И тогда я поняла, что Аполонио Торо действительно был мне братом. Примерно того же возраста, что и Хосе Антонио, он присутствовал в моей жизни с тех пор, как я себя помню. Я молча молила небеса, чтобы не нашлось никаких доказательств того, что он убит, — в некоторых случаях неопределенность предпочтительнее уверенности. Я мечтала, чтобы Торито ушел в отшельники и поселился где-нибудь в горных расщелинах, что вполне соответствовало его характеру и знанию природы. Я не желала видеть доказательства его смерти.

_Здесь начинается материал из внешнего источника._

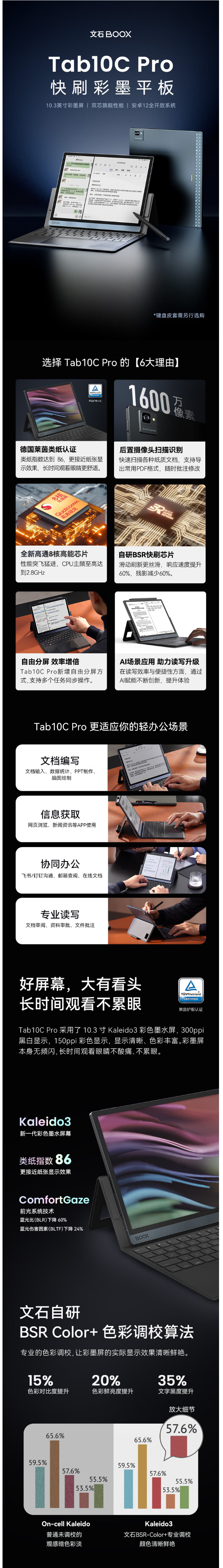 文石BOOX Tab10C Pro10.3英寸彩色墨水屏电子书阅读器 高刷智能办公本 大屏电纸书电子纸高刷平板 语音转文字

Вышел офицер и прогавкал инструкции: у нас полчаса, фотографировать запрещено, трогать ничего нельзя, надо смотреть хорошенько, потому что другого шанса не представится, удостоверения личности мы должны сдать, их вернут на выходе. Адвокатам и журналистам придется остаться снаружи. Итак, заходим.
Под навесом в центре казарменного двора стояли два длинных узких стола, охраняемые солдатами. Перед нами лежали не кости, как мы полагали, а лохмотья одежды, изъеденные временем, башмаки, шлепанцы, блокнот, кошельки — все было пронумеровано. Мы медленно проходили мимо этих печальных свидетельств. Женщины, плача, останавливались перед вязаным жилетом, поясом, шапкой и говорили: «это моего брата», «это моего мужа», «это моего сына».